Pictures must not appear in the copy. Restate exactly the lines below from the one with "图为龙湾区市民活动中心房顶的光伏发电项目。王诚/摄" through the one with "Herbata zielona liściasta", inclusive.

**DATASET CONTENT:**
*-*-*

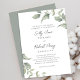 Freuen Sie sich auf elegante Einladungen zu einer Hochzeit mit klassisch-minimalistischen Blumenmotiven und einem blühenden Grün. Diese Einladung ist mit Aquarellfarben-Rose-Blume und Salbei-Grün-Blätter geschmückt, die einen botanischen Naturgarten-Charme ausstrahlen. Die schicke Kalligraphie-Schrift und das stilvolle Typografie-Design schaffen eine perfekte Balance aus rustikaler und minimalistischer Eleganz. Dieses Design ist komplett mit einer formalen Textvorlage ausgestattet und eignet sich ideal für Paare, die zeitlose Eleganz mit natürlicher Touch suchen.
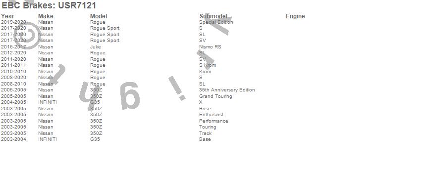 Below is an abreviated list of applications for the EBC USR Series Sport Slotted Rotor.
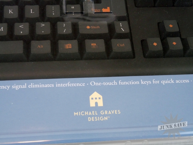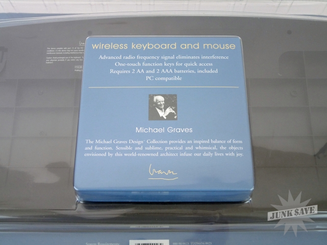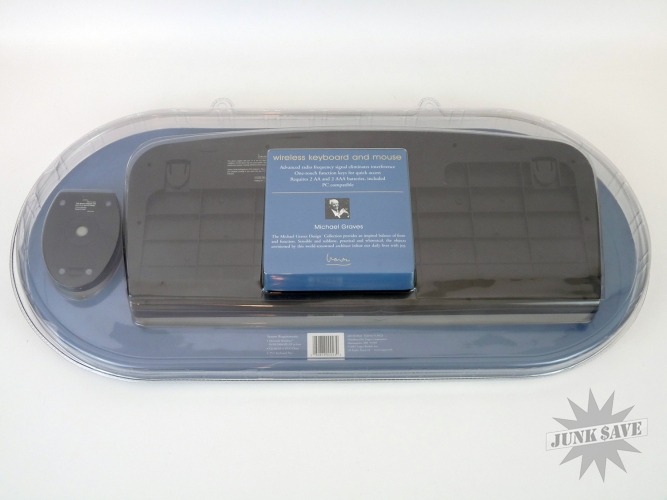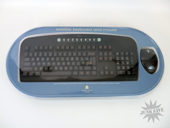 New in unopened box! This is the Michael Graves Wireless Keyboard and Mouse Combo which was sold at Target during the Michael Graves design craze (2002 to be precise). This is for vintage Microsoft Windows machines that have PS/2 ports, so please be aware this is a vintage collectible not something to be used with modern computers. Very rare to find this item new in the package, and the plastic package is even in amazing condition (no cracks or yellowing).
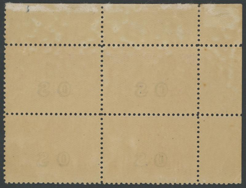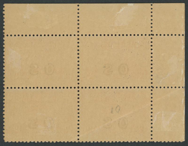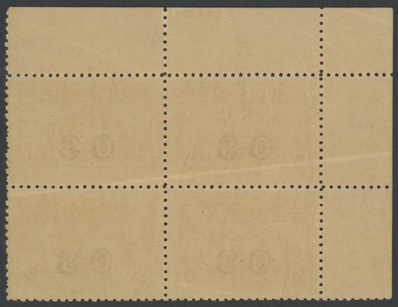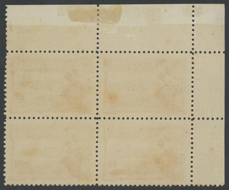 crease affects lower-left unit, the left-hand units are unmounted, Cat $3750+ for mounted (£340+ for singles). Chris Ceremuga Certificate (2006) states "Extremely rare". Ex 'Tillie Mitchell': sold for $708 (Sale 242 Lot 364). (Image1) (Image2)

*-*-*

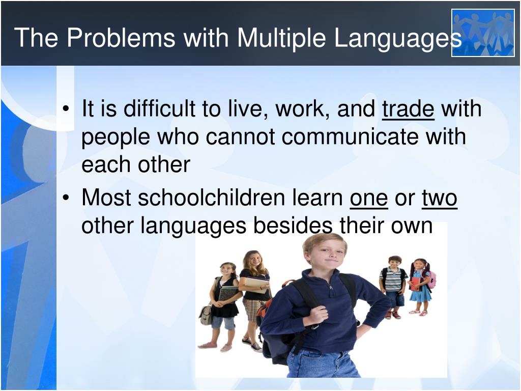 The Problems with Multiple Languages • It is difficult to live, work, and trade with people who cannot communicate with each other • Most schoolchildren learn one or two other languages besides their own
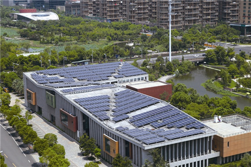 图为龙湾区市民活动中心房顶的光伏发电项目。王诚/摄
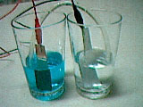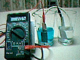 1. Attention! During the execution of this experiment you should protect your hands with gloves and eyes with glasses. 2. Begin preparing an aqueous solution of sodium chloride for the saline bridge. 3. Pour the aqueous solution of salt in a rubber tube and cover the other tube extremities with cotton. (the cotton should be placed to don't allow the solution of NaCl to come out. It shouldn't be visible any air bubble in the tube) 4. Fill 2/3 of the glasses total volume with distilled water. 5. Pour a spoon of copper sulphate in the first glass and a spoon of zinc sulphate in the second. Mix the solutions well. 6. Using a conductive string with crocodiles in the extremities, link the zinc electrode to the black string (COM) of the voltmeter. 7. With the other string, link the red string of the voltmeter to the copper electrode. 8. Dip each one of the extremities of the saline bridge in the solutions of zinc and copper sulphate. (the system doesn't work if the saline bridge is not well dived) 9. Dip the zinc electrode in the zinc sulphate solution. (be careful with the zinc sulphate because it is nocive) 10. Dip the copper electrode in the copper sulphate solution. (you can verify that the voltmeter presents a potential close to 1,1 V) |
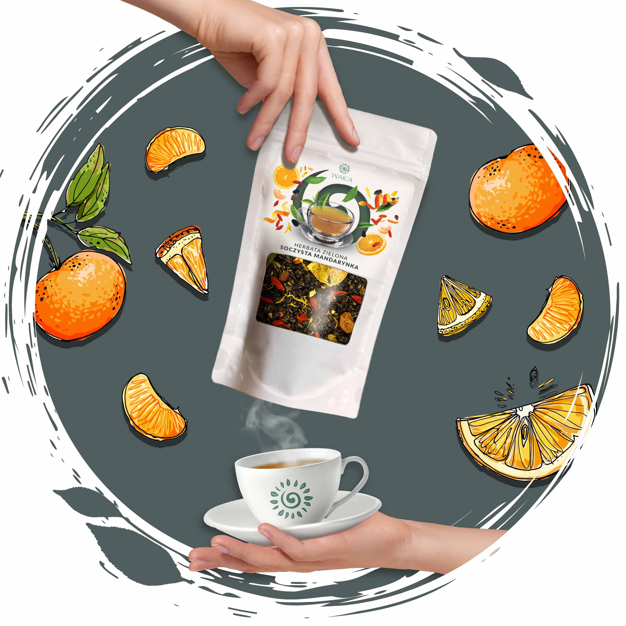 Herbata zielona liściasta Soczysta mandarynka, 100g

*-*-*

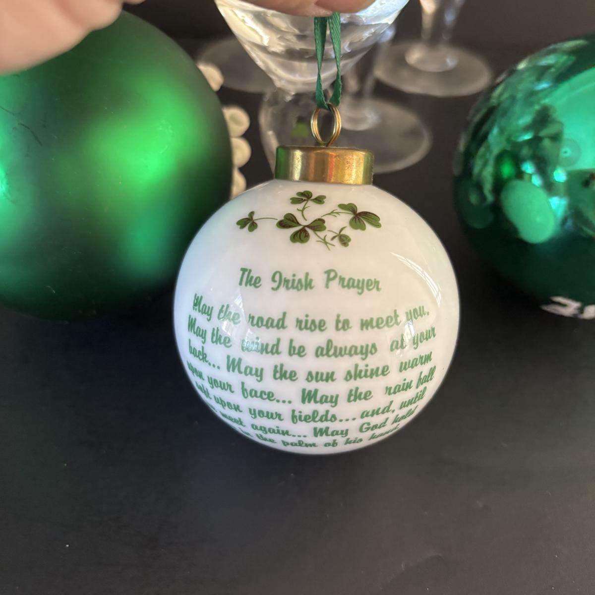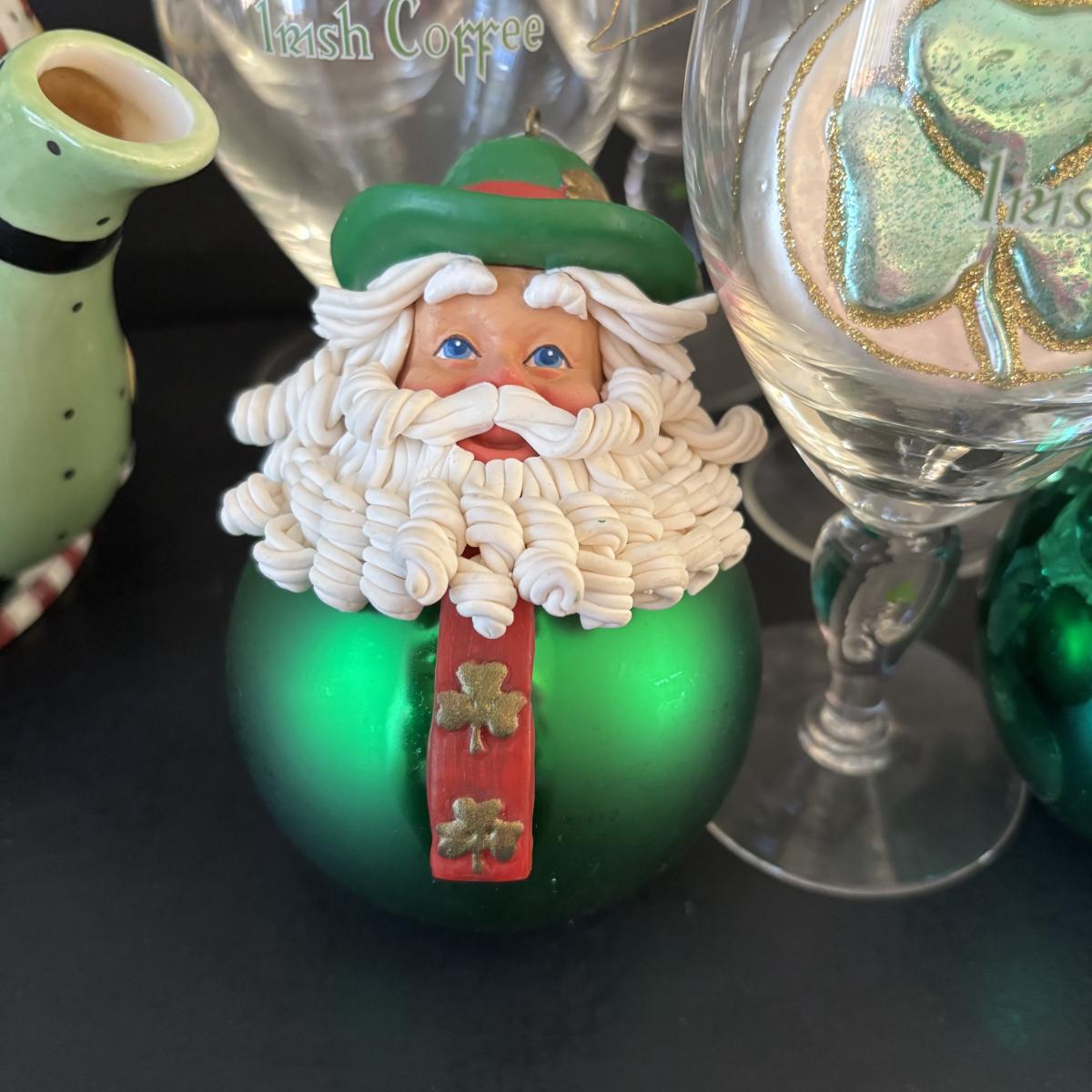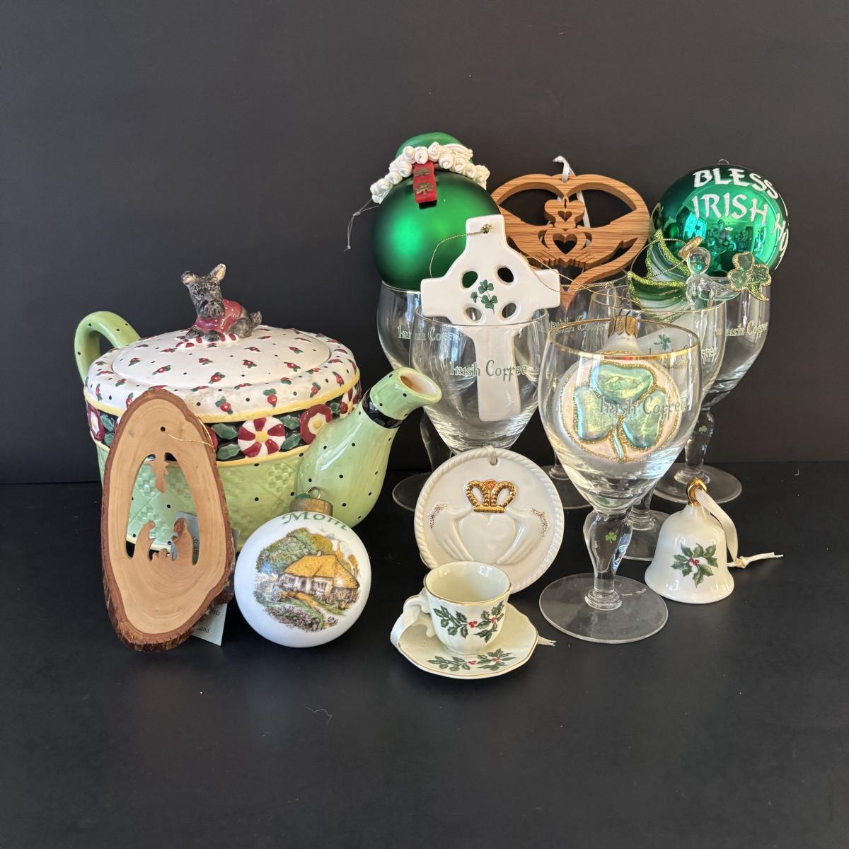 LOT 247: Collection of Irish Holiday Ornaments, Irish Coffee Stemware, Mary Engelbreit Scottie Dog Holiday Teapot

*-*-*

**RESPONSE TO THE TASK:**
 图为龙湾区市民活动中心房顶的光伏发电项目。王诚/摄
 1. Attention! During the execution of this experiment you should protect your hands with gloves and eyes with glasses. 2. Begin preparing an aqueous solution of sodium chloride for the saline bridge. 3. Pour the aqueous solution of salt in a rubber tube and cover the other tube extremities with cotton. (the cotton should be placed to don't allow the solution of NaCl to come out. It shouldn't be visible any air bubble in the tube) 4. Fill 2/3 of the glasses total volume with distilled water. 5. Pour a spoon of copper sulphate in the first glass and a spoon of zinc sulphate in the second. Mix the solutions well. 6. Using a conductive string with crocodiles in the extremities, link the zinc electrode to the black string (COM) of the voltmeter. 7. With the other string, link the red string of the voltmeter to the copper electrode. 8. Dip each one of the extremities of the saline bridge in the solutions of zinc and copper sulphate. (the system doesn't work if the saline bridge is not well dived) 9. Dip the zinc electrode in the zinc sulphate solution. (be careful with the zinc sulphate because it is nocive) 10. Dip the copper electrode in the copper sulphate solution. (you can verify that the voltmeter presents a potential close to 1,1 V) |
 Herbata zielona liściasta Soczysta mandarynka, 100g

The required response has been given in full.